ASA 129th Meeting - Washington, DC - 1995 May 30 .. Jun 06

2pPP26. Shrinking illusion of speech duration caused by noise/gap replacement.

Minoru Tsuzaki

Hiroaki Kato

ATR Human Information Processing Res. Labs., 2-2 Hikaridai, Seika-cho, Soraku-gun, Kyoto, 619-02 Japan

To investigate the process of perceptual resynthesis of an ``auditory object,'' the apparent duration of a noise-replaced speech signal was measured. Subjects adjusted the duration of synthesized speech to subjectively match that of the target speech. When a portion of the target speech was replaced by a noise burst, the duration was perceived to be shorter than when no replacement was made. Besides this effect, the apparent duration of speech segments was found to be affected by their deviation from the internal template.
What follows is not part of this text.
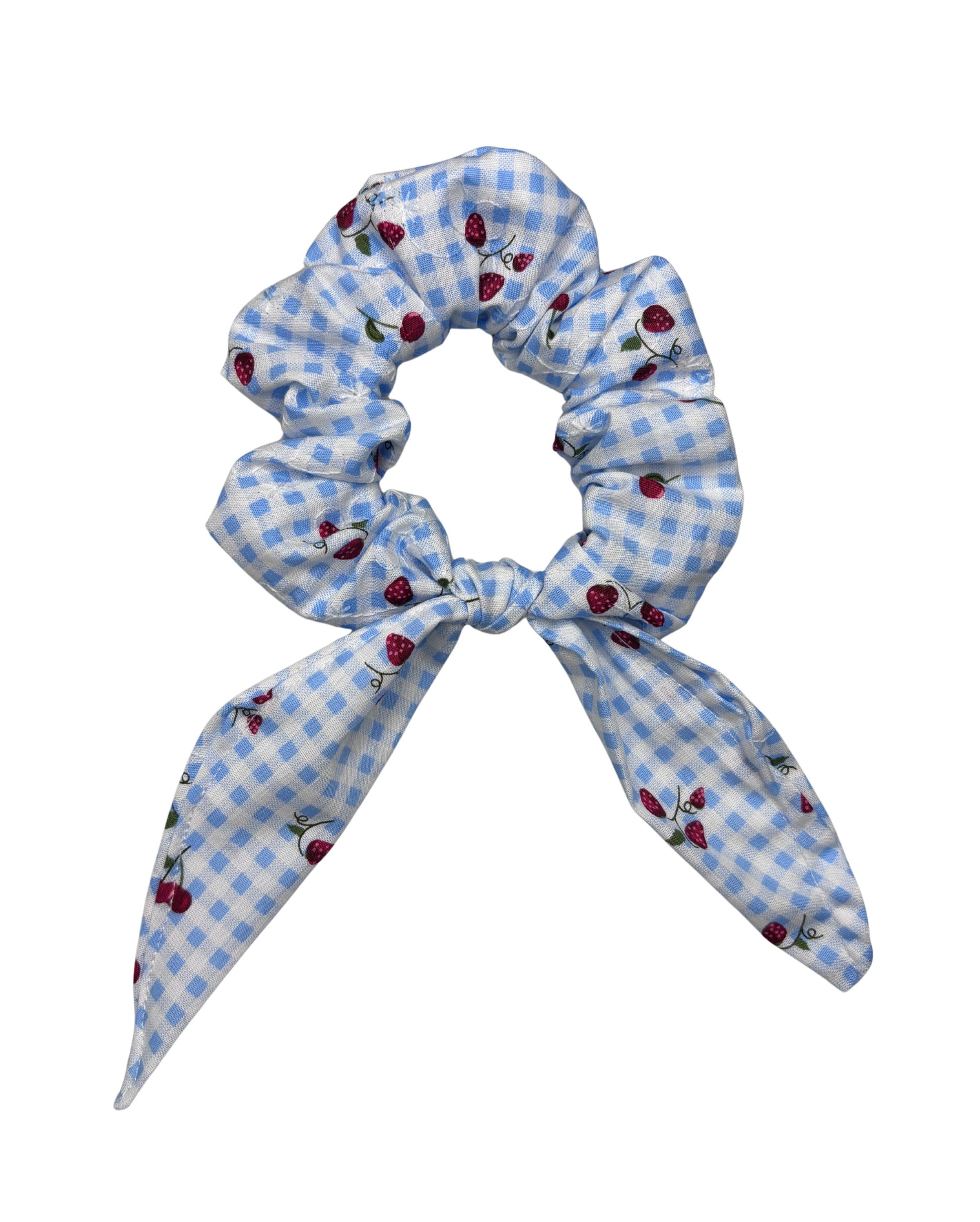 Similar in size to our regular scrunchies, except with an added bow detail for extra flair, our bow scrunchies are made with thin elastic, wrapping around hair 2-3 times (depending on hair thickness)

The greater the physical duration of the target deviated from the ``naturally'' spoken token, the greater the degree of underestimation became. Interestingly, these two effects were independent of each other. This independence was replicated in the second experiment which tested wider range of durational deviations. Again, the apparent duration of noise-replaced speech was shorter than when no replacement was made. The apparent duration of gap-replaced speech was also measured in this experiment. The degree of underestimation was far greater for the latter case. These findings suggest that a shrinkage of duration occurs in the process of resynthesizing an ``auditory object'' where the process is assumed to be at a different stage than that utilizing speech-specific schema.